= 2010 Washington's 21st Legislative District, House 2 election =

Washington's 21st Legislative District, House 2 election, 2010 had attracted attention from local media as being one of the top five races to care about statewide, as well as national attention from politically liberal groups Open Left and People For the American Way. The election resulted in the re-election of incumbent Democrat Marko Liias by a margin of about 9 percentage points.

== Primary election ==
Marko Liias's first challenger in the top-two primary was Republican Elizabeth Scott. Scott first publicly considered running after speaking at a Tax Day, April 15, 2009 rally in Everett, WA, where hundreds protested large government bailouts, debt, spending and taxes. On July 4, Scott announced her candidacy for 21st Legislative District State Representative, position 2. On Sunday, August 23, 2009, her expected campaign launch was reported in the Everett Herald regional newspaper. By April 2010, Scott had raised over $20,000, received many grassroots volunteers and attracted media attention for her fundraising efforts. Liias called Scott's candidacy "serious" and branded her grassroots supporters a "mob" in a fundraising email.

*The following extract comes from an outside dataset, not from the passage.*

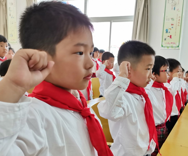 新队员在大队长的带领下庄严地宣誓。振聋发聩的誓词必将鞭策新队员们不懈奋斗,成为德、智、体、美、劳全面发展的新时代少年。

When Alan Tagle entered the race as a second Republican candidate, local GOP leadership expressed unfamiliarity with Tagle and endorsed Scott, who pointed to her key endorsements from other GOP leaders. During filing week, Mike Huisman of the self-styled SeniorSide Party emerged as a fourth candidate. As of July 22, 2010, Scott had raised $43,033.17, Liias $75,052.28, Tagle $675, and Huisman $0. In the top-two primary, Scott and Liias easily advanced with 32.6 and 50.1%, respectively.

== General election ==
On October 7, the progressive group Open Left reported that the politically liberal advocacy group People For the American Way had given financial support to state legislators Liias and Mike Frerichs of Illinois, and singled out those state legislators to receive special attention and financial support. By October 16, Liias had raised $131,580.09 and spent $111,548.08, while Scott had raised $80,841.15 and spent $59,242.67. Seattle Gay News called the race one of the five races across the state to care about. Liias won reelection with 54% of the vote, though Scott won more votes than any Republican candidate for the district since 2000.

== Attack sites ==
An attack site emerged in June which accused Scott of being a "carpetbagger", "career union soldier" and "not a real conservative". Tagle accused Liias supporters of posting that site and another site which condemned Tagle for running a bikini barista. Liias denied the charge while Scott and local GOP leaders suggested that Tagle was behind the first attack site. After Scott and Liias won the primary, both attack sites were closed down.

=== Marko Madness ===
After the primary, a group called Red Snohomish PAC, led by Liias's 2008 election opponent Andrew Funk, put up a site called Marko Madness. The site, as described by the local media, has a March-madness basketball tournament-type bracket with competition among what it says are flaws in Liias’ personal, financial or political background. Each week, it highlights two of those flaws. The site asks readers to choose which of the two should advance to semi-final competition, with the semi-final winners advancing to a final, from which one will be selected for a campaign commercial.The form was like that of the Elite 8 bracket in March Madness. Liias responded by adding a section called "Curing Marko Madness" to his website with the comment, "The best cure for Marko Madness is a dose of the truth." While Liias has told Scott to call for a stop to the site, Scott stated the site was unconnected to her campaign. As one local media outlet summarized, "Scott and Liias have each accused the other of violating a pledge to run clean campaigns based on issues."